Linux內核筆記：epoll實現原理（一）

一、說明針對的內核版本為4.4.10。本文只是我自己看源碼的簡單筆記，如果想瞭解epoll的實現，強烈推薦下麵的文章: The Implementation of epoll(1) The Implementation of epoll(2) The Implementation of epol ...

一、說明

針對的內核版本為4.4.10。

本文只是我自己看源碼的簡單筆記，如果想瞭解epoll的實現，強烈推薦下麵的文章:

The Implementation of epoll(1)

The Implementation of epoll(2)

The Implementation of epoll(3)

The Implementation of epoll(4)

二、epoll_create()

系統調用epoll_create()會創建一個epoll實例並返回該實例對應的文件描述符fd。在內核中，每個epoll實例會和一個struct eventpoll類型的對象一一對應，該對象是epoll的核心，其聲明在fs/eventpoll.c文件中.

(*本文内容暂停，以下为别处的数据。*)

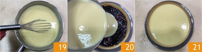 Misture bem com um batedor de arame para derretê-lo completamente 19. Pegue a torta novamente e despeje a ganache sobre a camada de geleia 20, depois coloque na geladeira por uma hora ou no freezer por 15-20 minutos 21.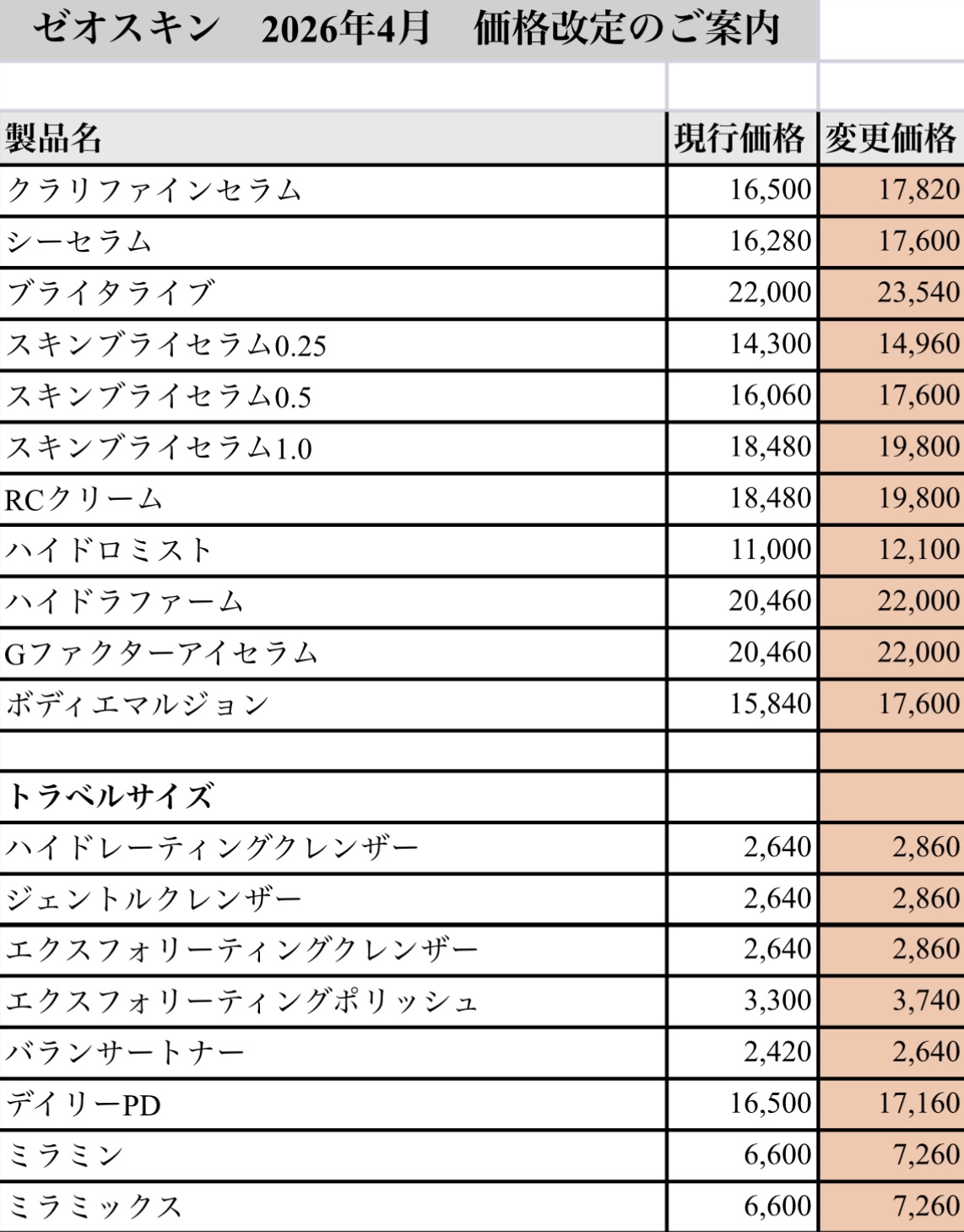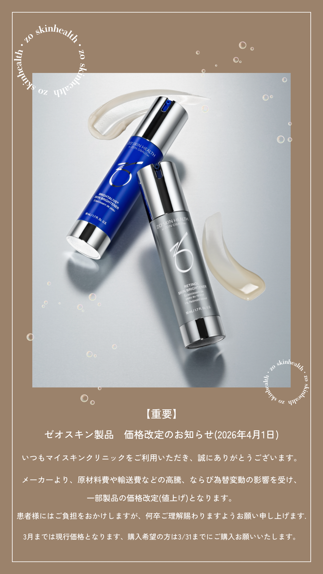 2026.03.03お知らせ~ゼオスキン価格改定のお知らせ~いつもマイスキンクリニックをご愛顧いただき誠にありがとうございます。ゼオスキンの価格改定のお知らせです。メーカーの仕入れ値の変更に伴い、2026年4月1日より値上げとなっております。ご理解の程、よろしくお願い申し上げます。ご愛用中の方やご興味のある方は、どうぞお早めにお買い求めください。Screenshot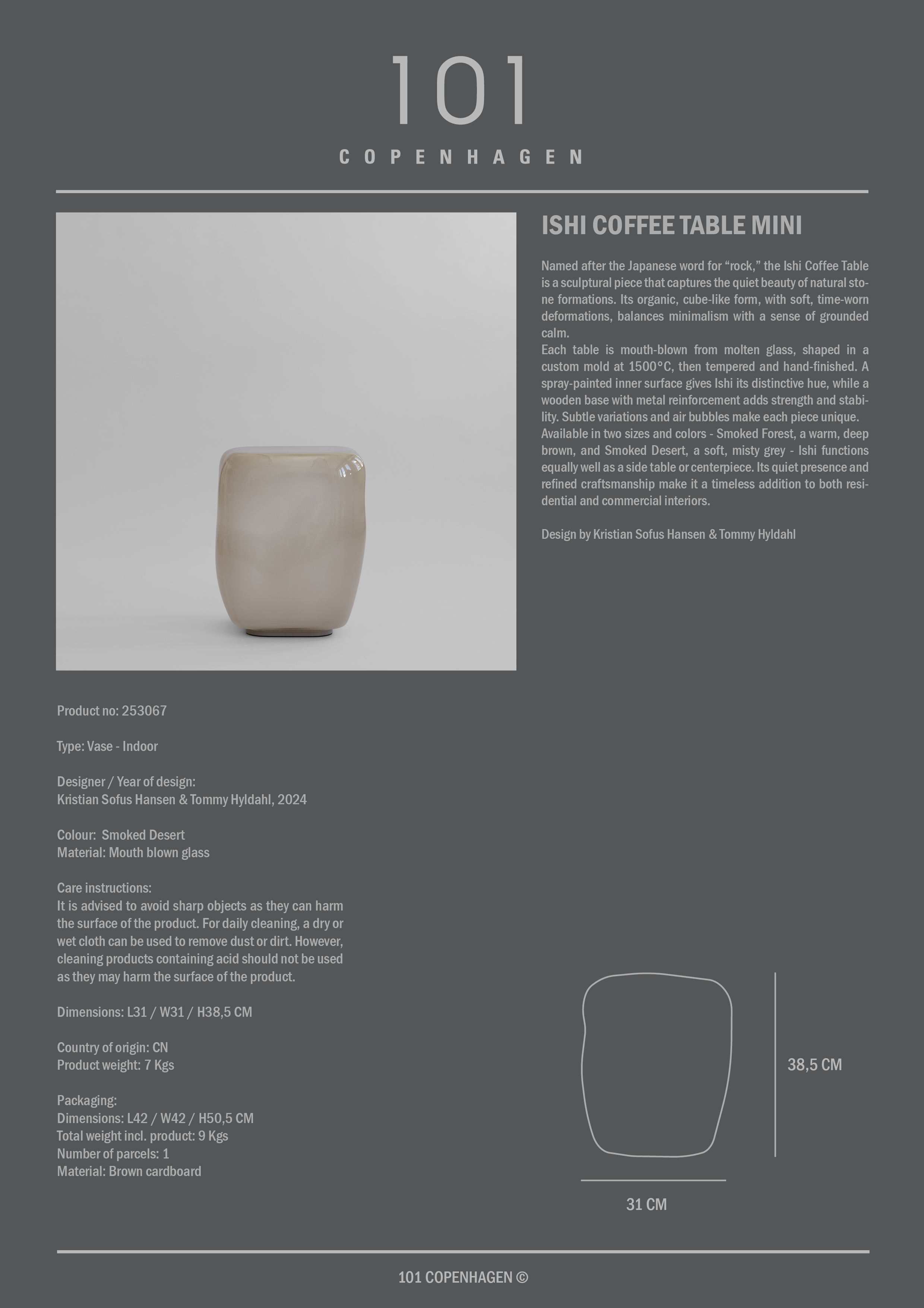 Ishi Coffee Table betyr stein på japansk og er et skulpturelt bord inspirert av naturlige fjellformasjoner. Den kubiske, organiske formen med myke deformasjoner kombinerer minimalisme med ro. Bordet er munnblåst glass, formet i en spesiell støpeform ved 1500 °C, herdet og håndbehandlet med spraymalt interiør og trebase med metallforsterkning. Små variasjoner og luftbobler gjør hvert bord unikt. Tilgjengelig i to størrelser og farger: Smoked Forest, en varm dyp brun, og Smoked Desert, en myk grå. Ishi fungerer som et sidebord eller midtpunkt og tilfører stilig håndverk til både private og offentlige rom. Designet av Kristian Sofus Hansen og Tommy Hyldahl.

epoll_create的介面定義在這裡，主要源碼分析如下：

首先創建一個struct eventpoll對象：

struct eventpoll *ep = NULL;
...
error = ep_alloc(&ep);
if (error < 0)
    return error;

然後分配一個未使用的文件描述符：

fd = get_unused_fd_flags(O_RDWR | (flags & O_CLOEXEC));
if (fd < 0) {
    error = fd;
    goto out_free_ep;
}

然後創建一個struct file對象，將file中的struct file_operations *f_op設置為全局變數eventpoll_fops，將void *private指向剛創建的eventpoll對象ep：

struct file *file;
...
file = anon_inode_getfile("[eventpoll]", &eventpoll_fops, ep, O_RDWR | (flags & O_CLOEXEC));
if (IS_ERR(file)) {
    error = PTR_ERR(file);
    goto out_free_fd;
}

然後設置eventpoll中的file指針：

ep->file = file;

最後將文件描述符添加到當前進程的文件描述符表中，並返回給用戶

fd_install(fd, file);
return fd;

操作結束後主要結構關係如下圖：

三、epoll_ctl()

系統調用epoll_ctl()在內核中的定義如下，各個參數的含義可參見epoll_ctl的man手冊

SYSCALL_DEFINE4(epoll_ctl, int, epfd, int, op, int, fd, struct epoll_event __user *, event)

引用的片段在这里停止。